#### [Extracted information]

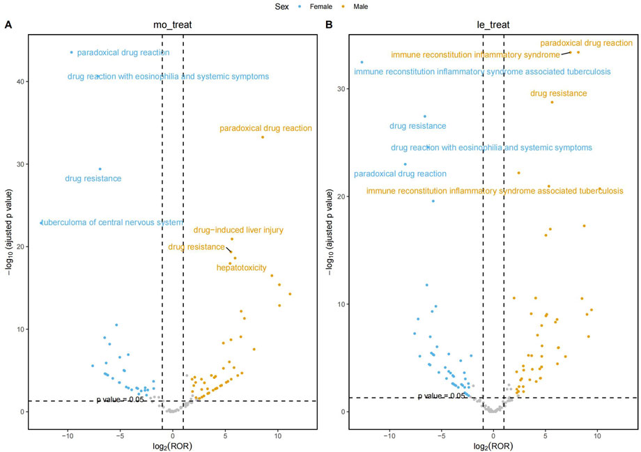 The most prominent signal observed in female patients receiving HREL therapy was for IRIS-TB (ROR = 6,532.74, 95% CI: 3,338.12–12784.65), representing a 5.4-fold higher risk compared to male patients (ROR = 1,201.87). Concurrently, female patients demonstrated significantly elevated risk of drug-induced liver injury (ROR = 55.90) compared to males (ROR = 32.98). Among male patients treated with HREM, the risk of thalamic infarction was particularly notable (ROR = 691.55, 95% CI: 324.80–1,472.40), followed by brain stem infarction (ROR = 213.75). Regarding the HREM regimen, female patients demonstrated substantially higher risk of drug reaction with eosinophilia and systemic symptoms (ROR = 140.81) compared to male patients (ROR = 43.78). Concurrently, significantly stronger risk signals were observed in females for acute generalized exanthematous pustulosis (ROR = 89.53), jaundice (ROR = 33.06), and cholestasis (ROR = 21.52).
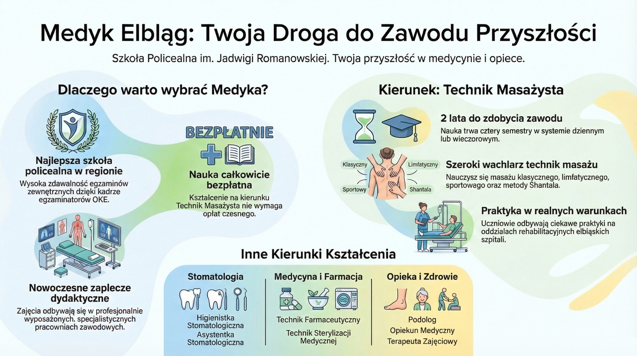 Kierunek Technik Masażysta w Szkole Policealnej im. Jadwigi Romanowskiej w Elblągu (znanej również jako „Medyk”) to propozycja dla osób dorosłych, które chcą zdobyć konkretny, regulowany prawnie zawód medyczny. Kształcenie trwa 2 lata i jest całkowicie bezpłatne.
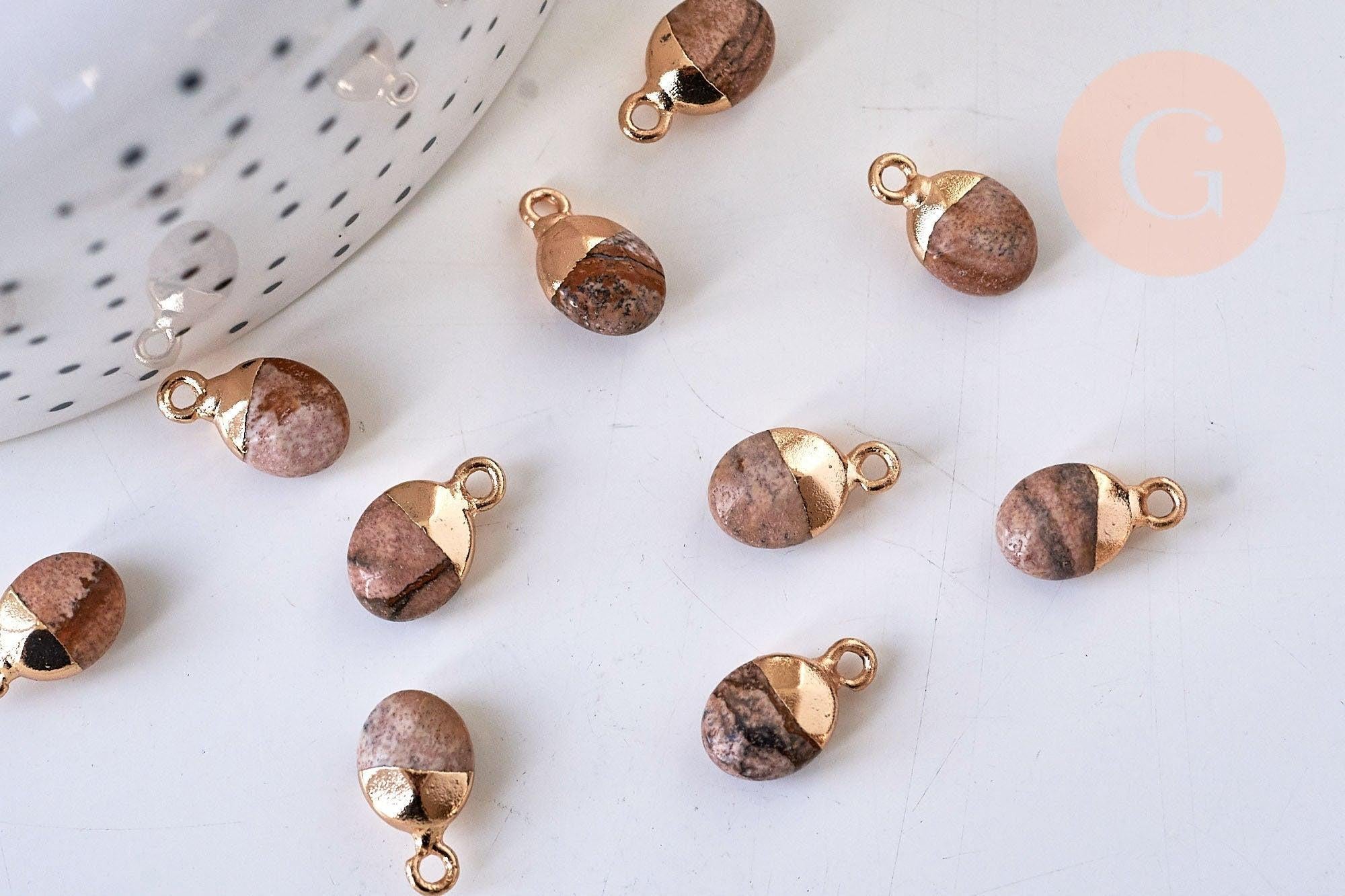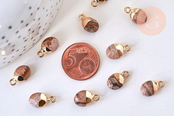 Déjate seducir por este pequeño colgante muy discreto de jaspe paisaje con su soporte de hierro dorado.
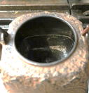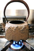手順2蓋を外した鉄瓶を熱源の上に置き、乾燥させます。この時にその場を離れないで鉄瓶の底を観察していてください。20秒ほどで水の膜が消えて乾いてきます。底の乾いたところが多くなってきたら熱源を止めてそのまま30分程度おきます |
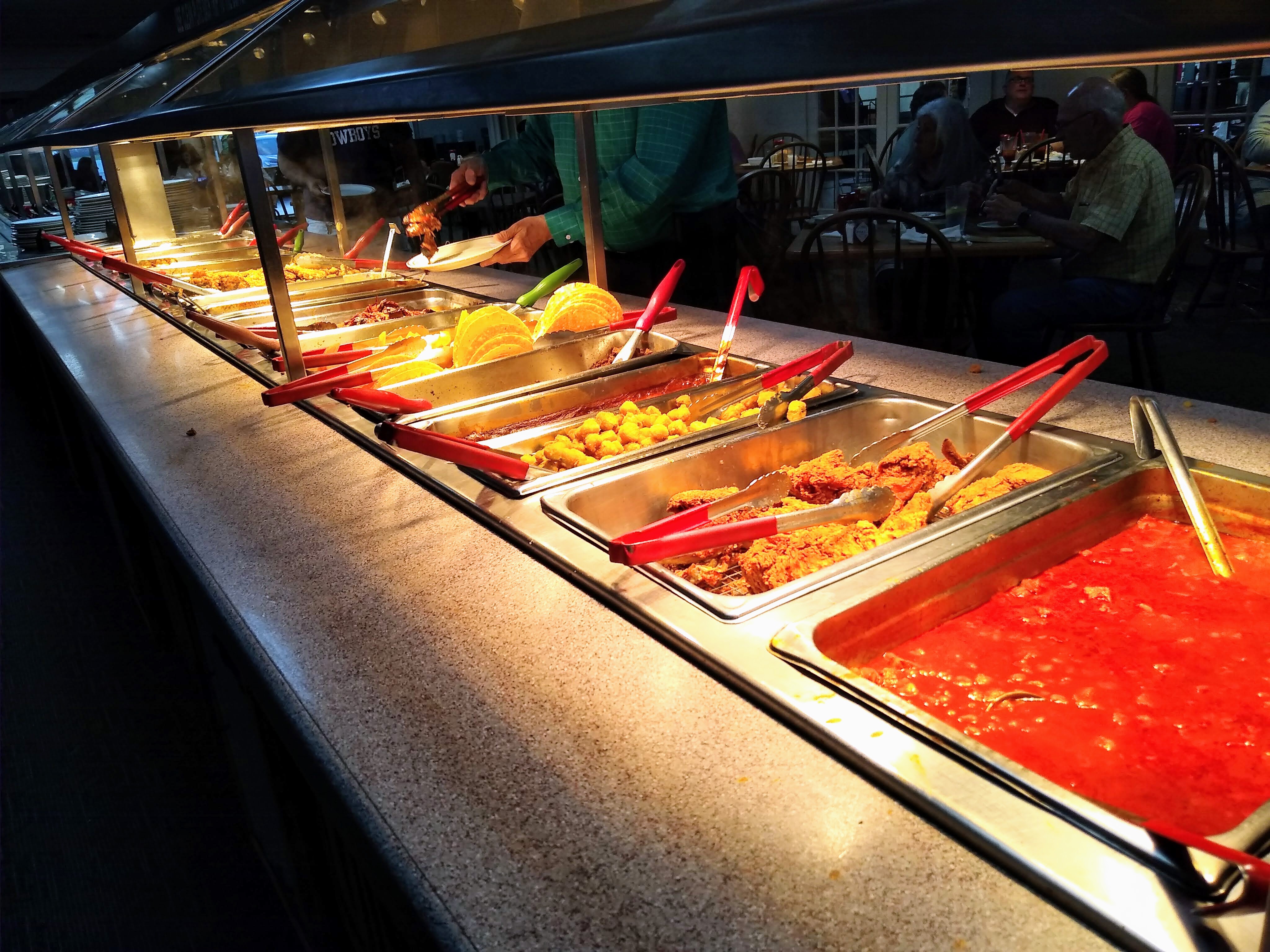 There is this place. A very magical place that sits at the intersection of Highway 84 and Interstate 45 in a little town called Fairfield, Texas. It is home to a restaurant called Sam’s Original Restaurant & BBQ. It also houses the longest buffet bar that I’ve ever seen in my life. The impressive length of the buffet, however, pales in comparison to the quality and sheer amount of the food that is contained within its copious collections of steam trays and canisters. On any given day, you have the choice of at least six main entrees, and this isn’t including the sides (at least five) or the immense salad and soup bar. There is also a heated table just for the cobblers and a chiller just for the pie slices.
...
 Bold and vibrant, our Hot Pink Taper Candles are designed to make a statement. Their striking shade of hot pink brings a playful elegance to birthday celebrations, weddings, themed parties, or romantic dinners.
--
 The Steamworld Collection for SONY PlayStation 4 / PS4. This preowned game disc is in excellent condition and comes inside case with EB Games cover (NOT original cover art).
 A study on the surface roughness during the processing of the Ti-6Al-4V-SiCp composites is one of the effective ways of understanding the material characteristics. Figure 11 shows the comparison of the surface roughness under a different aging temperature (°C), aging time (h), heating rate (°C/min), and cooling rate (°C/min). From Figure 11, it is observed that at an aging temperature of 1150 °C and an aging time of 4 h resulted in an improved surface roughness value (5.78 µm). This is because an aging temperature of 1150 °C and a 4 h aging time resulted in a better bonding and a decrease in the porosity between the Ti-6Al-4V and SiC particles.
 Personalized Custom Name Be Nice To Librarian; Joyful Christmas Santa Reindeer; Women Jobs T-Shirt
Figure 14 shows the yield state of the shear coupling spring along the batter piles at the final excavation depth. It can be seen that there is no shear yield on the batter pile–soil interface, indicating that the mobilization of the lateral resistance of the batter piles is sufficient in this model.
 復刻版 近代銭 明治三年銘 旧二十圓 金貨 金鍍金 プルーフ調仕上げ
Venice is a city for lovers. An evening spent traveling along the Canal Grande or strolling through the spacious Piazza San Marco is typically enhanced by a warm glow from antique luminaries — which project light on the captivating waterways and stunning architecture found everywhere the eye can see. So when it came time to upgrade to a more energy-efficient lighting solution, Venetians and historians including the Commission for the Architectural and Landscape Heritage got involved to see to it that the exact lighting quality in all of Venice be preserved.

#### [Your task]
Output exactly the lines of the listing above that start with the one holding "The most prominent" and go on through the one holding "手順2蓋を外した鉄瓶を熱源の"; leave the pictures out.

#### [Response area]
 The most prominent signal observed in female patients receiving HREL therapy was for IRIS-TB (ROR = 6,532.74, 95% CI: 3,338.12–12784.65), representing a 5.4-fold higher risk compared to male patients (ROR = 1,201.87). Concurrently, female patients demonstrated significantly elevated risk of drug-induced liver injury (ROR = 55.90) compared to males (ROR = 32.98). Among male patients treated with HREM, the risk of thalamic infarction was particularly notable (ROR = 691.55, 95% CI: 324.80–1,472.40), followed by brain stem infarction (ROR = 213.75). Regarding the HREM regimen, female patients demonstrated substantially higher risk of drug reaction with eosinophilia and systemic symptoms (ROR = 140.81) compared to male patients (ROR = 43.78). Concurrently, significantly stronger risk signals were observed in females for acute generalized exanthematous pustulosis (ROR = 89.53), jaundice (ROR = 33.06), and cholestasis (ROR = 21.52).
 Kierunek Technik Masażysta w Szkole Policealnej im. Jadwigi Romanowskiej w Elblągu (znanej również jako „Medyk”) to propozycja dla osób dorosłych, które chcą zdobyć konkretny, regulowany prawnie zawód medyczny. Kształcenie trwa 2 lata i jest całkowicie bezpłatne.
 Déjate seducir por este pequeño colgante muy discreto de jaspe paisaje con su soporte de hierro dorado.
手順2蓋を外した鉄瓶を熱源の上に置き、乾燥させます。この時にその場を離れないで鉄瓶の底を観察していてください。20秒ほどで水の膜が消えて乾いてきます。底の乾いたところが多くなってきたら熱源を止めてそのまま30分程度おきます |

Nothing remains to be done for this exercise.